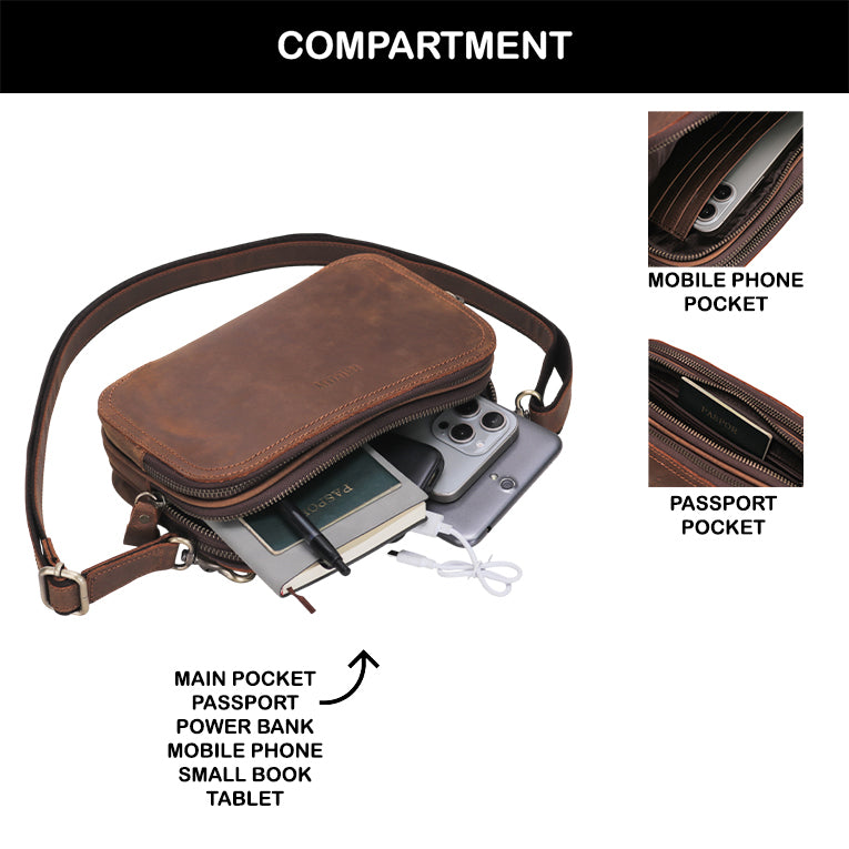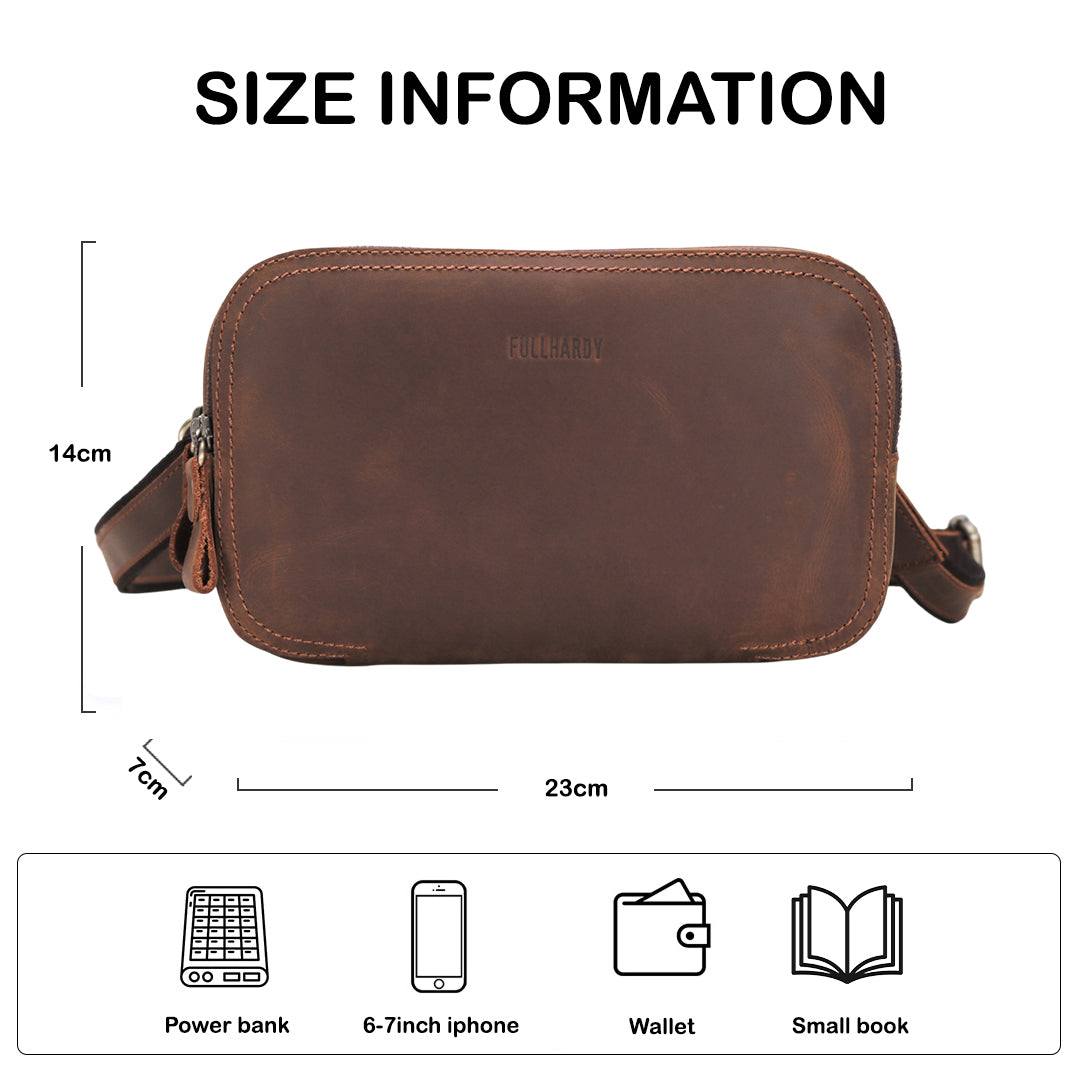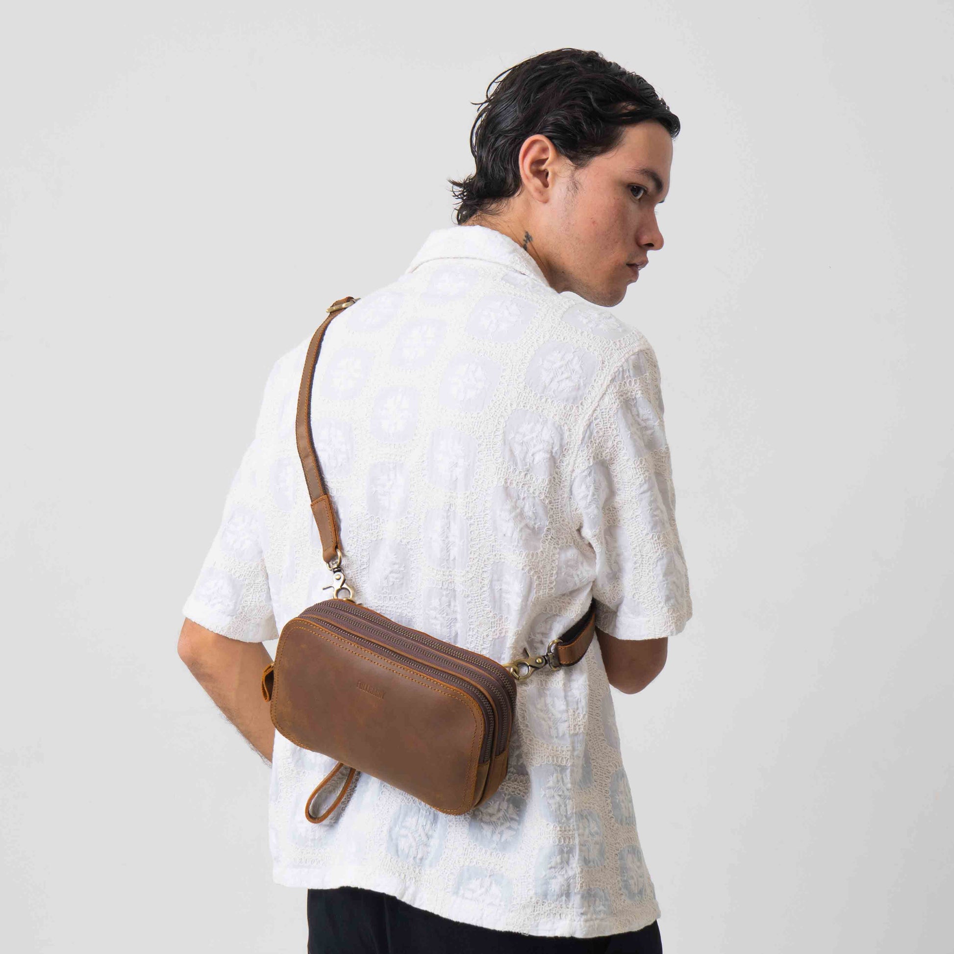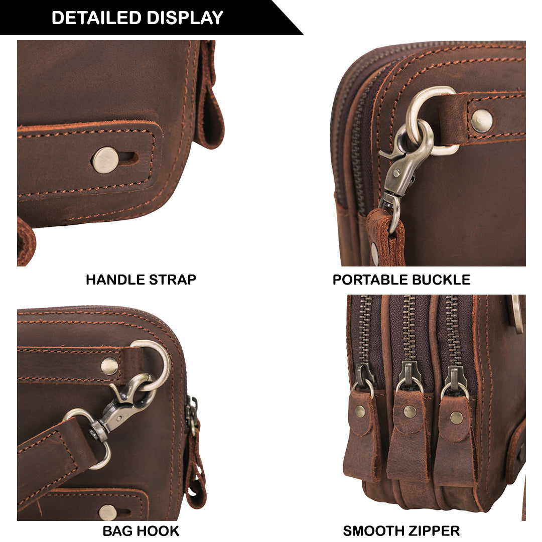 Kualitas premium dengan bahan kulit sapi yang tahan lama dan elegan. Jahitan rapi, ritsleting kokoh, serta desain klasik dengan sentuhan vintage memberikan kesan mewah. Cocok untuk membawa barang penting dengan gaya maskulin dan berkelas. Memiliki tiga ritsleting halus yang dapat memudahkan mengambil dan menyimpang barang yang terorganisir.
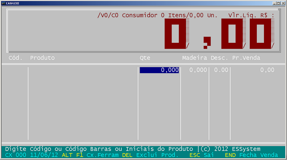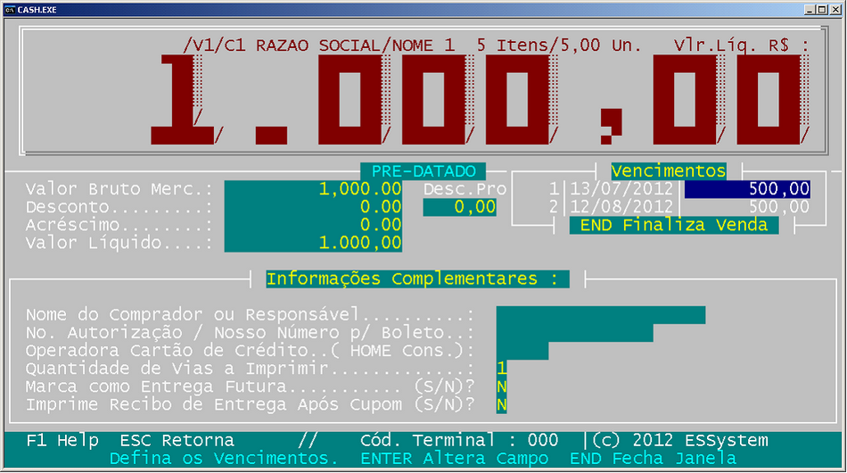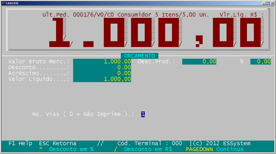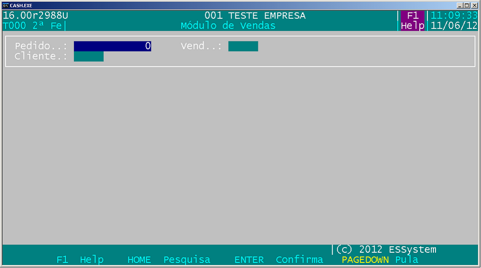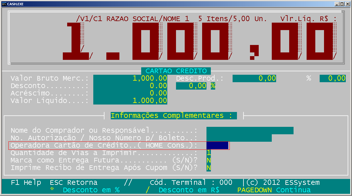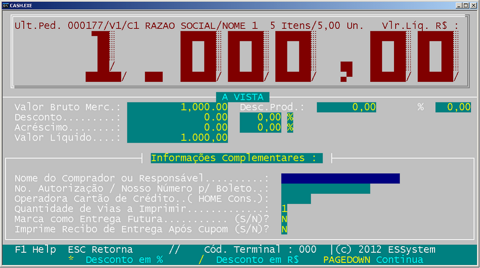 Vend. – pressione “HOME” para pesquisar em seu cadastro de usuários. Não é obrigatório, mas fornece diversos controles e relatórios de vendas por vendedor.
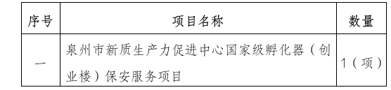附件:泉州市新质生产力促进中心国家级孵化器 (创业楼)保安服务项目报价单(参考格式)

________

Pictures are to be omitted. The lines from the line holding "Vend. – pressione" through the closing line of the data above are to be set down exactly, and nothing more.

 Vend. – pressione “HOME” para pesquisar em seu cadastro de usuários. Não é obrigatório, mas fornece diversos controles e relatórios de vendas por vendedor.
附件:泉州市新质生产力促进中心国家级孵化器 (创业楼)保安服务项目报价单(参考格式)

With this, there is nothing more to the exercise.